The Judas Tree
- First US edition
- Author: A. J. Cronin
- Language: English
- Publisher: Gollancz (UK) Little, Brown (USA)
- Publication date: 1961
- Publication place: United Kingdom
- Media type: Print (Hardcover & paperback)
- Pages: 345 pp. (UK hardcover edition)
- ISBN: 0-450-01393-6 (UK hardcover)

= The Judas Tree =

1961 novel by A. J. Cronin

The Judas Tree is a 1961 novel by A. J. Cronin. It is considered one of the author's finest works and demonstrated a keen understanding of sin. Cronin described the book as "a complete dissection of a supreme egoist - a well-intentioned man who, through psychological and sociological influences, develops into a weak and self-indulgent heel who brings disaster on three different women and is himself destroyed by the fourth."

==Plot==
The book begins with the story of David Moray, his early career as an ambitious young doctor away on business. He has promised to return to marry a woman he loves, Mary Douglas. Early on in the story he is introduced to successful people and is invited to accompany a prominent family on their ship as their personal physician. In doing so he breaks his promise to Mary and goes in another direction. Instead he briefly marries and divorces Doris, the daughter of the wealthy family he has befriended, whom he indicates was unsound mentally.

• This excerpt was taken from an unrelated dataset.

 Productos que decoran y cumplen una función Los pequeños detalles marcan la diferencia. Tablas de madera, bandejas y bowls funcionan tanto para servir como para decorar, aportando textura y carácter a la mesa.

Later in David's life he is a wealthy, retired Scottish doctor living in Switzerland who is haunted by the memory of Mary. Attempting to go back to an earlier time, and too late, he returns home to seek her out and make amends. He learns that Mary has died and instead encounters her young, penniless daughter, Kathy, who is involved in mission work. He indulges in a friendship which evolves into more. Logically doubtful and not believing he can have a life with Kathy, David marries Frida, a countess whom he does not love. Not reading a letter Kathy sent, he is unaware Kathy believes they are soon to reunite. Awaiting their departure for a honeymoon cruise his ruminations are interrupted by a brief thought of the unopened letter. He then overhears his butler speaking to Kathy, who has just made a difficult journey to reach him. Overwhelmed that he could have been with her on his own terms at this location and not the mission, he is at a loss for words - David cannot explain that he has just married someone.

Frida asks to speak to Kathy alone, explaining that David found her by seeking her mother whom he failed to return for, and that David would never have returned to help her in her mission as a doctor. He needed a woman who would be strong enough to master him. Underestimating the reaction, Kathy runs out into the night to her accidental death.

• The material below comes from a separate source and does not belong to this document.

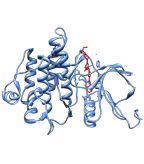 Structure of ABL1 kinase domain in complex with dasatinib; source: SocratesJedi, Wikimedia Commons
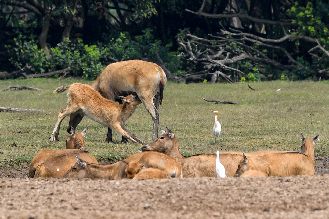 A female milu deer feeds her baby born in this year in Dafeng Milu National Nature Reserve in east China's Jiangsu Province, June 28, 2019. (Xinhua/Li Bo)

Kathy was betrayed more by David's cynicism, doubt and lack of courage than by the ambition that detoured him years earlier, although that is still evidently present in his choosing a countess for social advantages.

In the end, distraught in his loss, David looks outward toward the garden and a Judas tree comes into focus. Dramatically he has not only failed his first love, but also her daughter, resulting in her death. It is not so much ironic as it is illustrative of the span of time in which he has made similar choices with consequences. The following morning his butler sees his body hanging from the tree.

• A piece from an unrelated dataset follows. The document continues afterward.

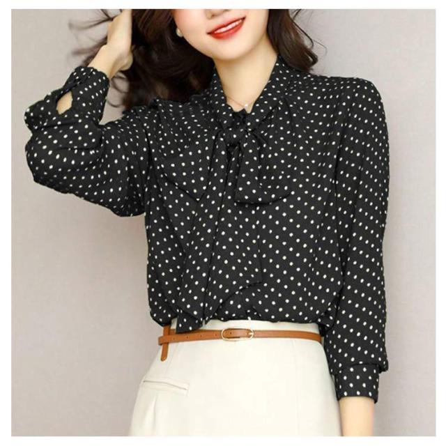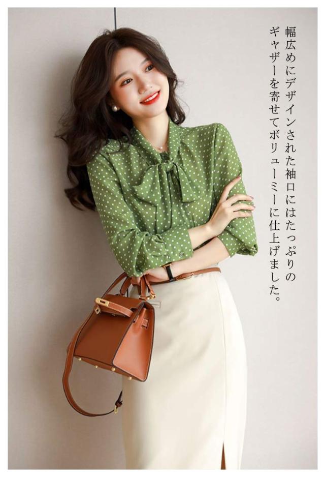 送料無料 ボウタイブラウス トップス ブラウス 長袖 ボータイ リボン 水玉 ドット リボンタイ 襟付き シフォン ブラウス シャツ ボウタイリボン パフスリーブ オフィス フェミニン レディース 春 ボウタイブラウス フォーマル

Previously in the book, a Judas tree was referred to as "The Tree of Lost Souls." Some might assume David has realized at the end that he is a lost soul after having inflicted such misery on others due to his lack of morality. Others might infer the character is moral, clearly having a suffering conscience, and in hindsight merely took steps in the wrong direction.

== Theme ==
Betrayal is the dominant theme of The Judas Tree. Here despite and because of the protagonist, a pattern of betrayal is repeated. David betrayed Mary, Doris, his religion, and himself. These betrayals demanded - in Cronin's narrative - the ultimate price, which is death.

== Film versions ==
The 1975 Hindi film, Mausam, directed by Gulzar and starring Sharmila Tagore and Sanjeev Kumar, is loosely based on Cronin's novel.